– Разрешите мне проводить Эмитрия Дина.
– Разрешаю. И убирайся!
Четко развернуться, держать спину ровно. До двери не так уж много шагов.
Шторы в королевском кабинете задернуты. Горит одна лампа, скупо освещая стол и лицо Эдвина.
– Спасибо, что поверили княжичу Торну, – сказал Митька. – Он действительно не знал, ваше величество.
Подумал: «Эх, Темка-Темка, зачем ты так – королю?» Ничего уже не изменить. Вот уж мается сейчас побратим, а Митька даже не успел ему ответить. Только Темка закончил рассказывать, как к дому Торнов снова явилась королевская стража: на этот раз за князем Дином. Митька вспомнил напряженное лицо побратима, испуганные глаза Лисены, застывшей на ступенях крыльца.
– Вина Артемия не была доказана. Правда, невиновность – тоже. Ничего, послужит подальше, на границе. Там видно будет. Но каков наглец, а? Распустились!
Митька молчал, пережидая королевский гнев.
– Я, кстати, догадываюсь, какая между вами вышла ссора. Ты думаешь, во дворце можно сохранить такую тайну? Мне давно донесли, куда исчезает по вечерам принцесса.
– Но почему тогда…
– Я позволил им встречаться?
– Нет. Почему вы не переменили свое мнение о помолвке Анны? Я понимаю, что уже поздно об этом, но почему?
Эдвин вздохнул еле приметно.
– Представь, что у меня так и не родился наследник. И что же? Кому я передам Иллар? Не Артемию же Торну, пусть он будет хоть трижды золотого рода! Не выйдет из него хорошего короля. Он слишком… прост. А Анхелина, – Эдвин улыбнулся, – уже выросла. Ей пришла пора любить. Пусть лучше это будет Торн, чем какой интриган, рассчитывающий подобраться поближе к королевской кормушке.
Митька быстро отвел глаза, вспомнив, как когда-то говорил Темке то же самое, желая ударить побольнее, оттолкнуть.

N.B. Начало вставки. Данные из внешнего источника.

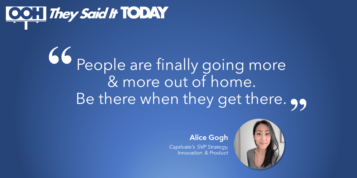 Three-quarters (74%) of workers are already commuting and that number is expected to grow to nearly 8 out of 10 in early 2022, according to research from OAAA and The Harris Poll. As screen fatigue continues to surge, advertisers looking to stand out need to break out of traditional digital channels to meet people where they are, according to Alice Gogh, Captivate‘s SVP of Strategy, Innovation & Product.
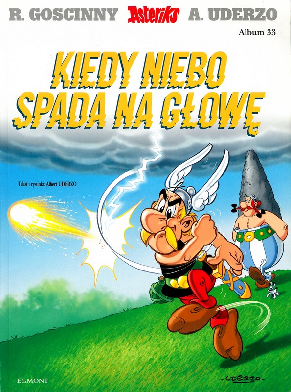 Tytuł oryginału: Le ciel lui tombe sur la tête. Rok wydania na podstawie strony internetowej księgarni taniaksiazka.pl. Na stronie tytułowej: Goscinny i Uderzo przedstawiają przygody Asteriksa.
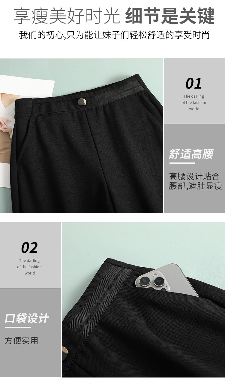 QYM 2582-Y窄版直筒阔腿裤高腰休闲裤 商品图3

– Артемий, я же знаю, не позволит ничего лишнего, скорее он даже удержит Анну от неразумных поступков. Я сейчас подумал: это хорошо, что есть повод отправить его из Турлина. Безопаснее для Анны, пусть тешится этой любовью издалека. И сердце занято, и проблем нет.

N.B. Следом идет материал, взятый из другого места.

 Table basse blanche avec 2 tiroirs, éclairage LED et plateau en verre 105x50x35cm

– Тоска – не проблема? – незнакомым самому себе ломким голосом спросил Митька.
– Это удел женщин. Они всегда ждут.
Митька посмотрел на короля и не стал спорить. Это решение тоже не изменить.
– Только не говори Артемию, я бы не хотел, чтобы он наделал глупостей.
– Не скажу, – отрезал Митька.
Нет уж, пусть лучше побратим боится разоблачения, чем узнает, что был всего лишь игрушкой.
– Торн просил разрешения тебя проводить. Я позволил.
– Спасибо, мой король.
– Куда поедешь?
– Я же говорил, сначала в Дарр. А там видно будет.
– Почему не в Ладдар?
Хорошо, что можно сказать правду, умолчав про остальное, – Митьке не хотелось лгать королю.
– Потому что князь Наш слишком настойчив.
При имени королевского летописца Эдвин досадливо поморщился.
– Я ведь думал, Митя, ты привязан к Иллару. Думал, тебе лучше тюрьма, чем изгнание. Я долго не хотел верить твоему родственнику, но он был так убедителен. Правда, что ты говорил с Далидом о службе при его дворе?
Митька усмехнулся:
– Правда.
– Разочаровал ты меня. Не понимаю. Пойти ради Иллара на предательство рода и купиться на сладкий кус из рук чужого короля. Нет, не понимаю.
В голосе Эдвина и гнев, и обида. Митька почувствовал, как у него вспыхнули щеки.
– «Купиться», мой король? А разве князь Наш сказал, что я согласился?
– Нет, – после паузы ответил Эдвин. – Но…
– Я отказался, мой король.
– Вот как… Я его, выходит, не так понял.
Митька промолчал. Это князя Наша-то? Эдвин понял так, как хотел ладдарский летописец. И при этом тур – Митька уверен – не соврал ни слова.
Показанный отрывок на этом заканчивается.